Service encounters between customers and nonprofit organizations may create relationships that lead to monetary donations. Rather than treating all customers as identically likely to donate, though, the type and frequency of past service encounters may yield meaningful insights into who might be most likely to make a gift and to give larger donations. This paper aims to investigate this possibility.
Using the context of a large health-care system, the authors combine donation archives with data from patient visits and associated patient satisfaction surveys over a ten-year period to empirically examine whether and what types of patient visits predict donations.
Frequency of outpatient visits positively predicts new donor acquisition, the likelihood of repeat gifts among existing donors and the dollar amount of both new and repeat donations. However, the number of inpatient and emergency department visits has a negative to null impact on donation decisions across both studies.

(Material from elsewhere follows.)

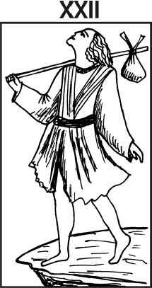 В «прямой» позиции аркан трактуется как радостное, наивное, неопытное эгоцентричное существо. Ему свойственны страсть к приключениям, артистичность, расточительность и непоседливость, в «перевернутой» – небрежность, нерешительность, безразличие.
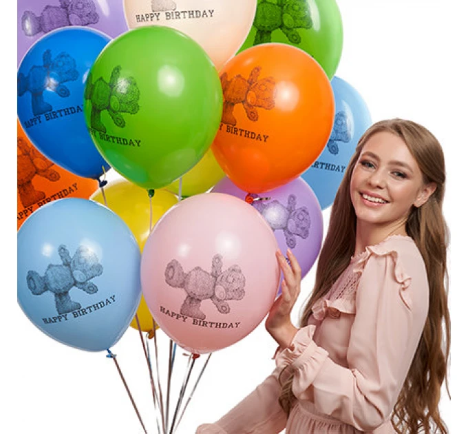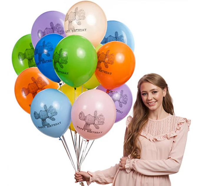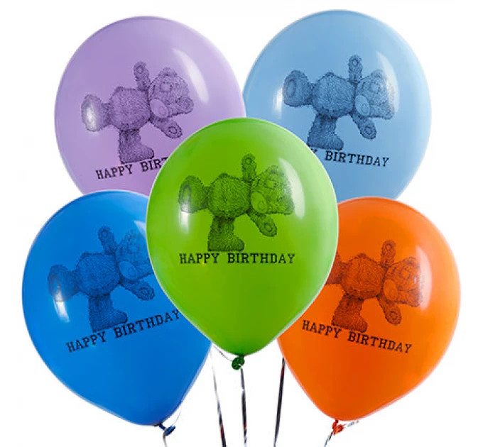 Ми додаємо в кулю спеціальний розчин, який збільшує час польоту куль у 4-5 разів (від 2-х днів до 2-х тижнів) – яскраві кулі довго радуватимуть Вашого одержувача! Склад:5 різнокольорових латексних кульок гелієвих з принтом. Колір:різнокольорові з принтом тедді та день народження.

Response rate to patient satisfaction surveys also serves as a positive predictor of donor acquisition, retention and conditional donation magnitude.
Contrary to industry practice of focusing on patients who have experienced dramatic single events with the health-care system (inpatient and emergency visits), these findings provide evidence in favor of a reciprocal relationship between patients and a health-care system that is characterized by a slow-building relationship made of smaller interactions (outpatient visits). The authors find strong evidence that relationships built upon repeated service encounters carry over to the donation domain, suggesting new avenues for how nonprofit organizations may look to promote and capitalize on positive customer relationships.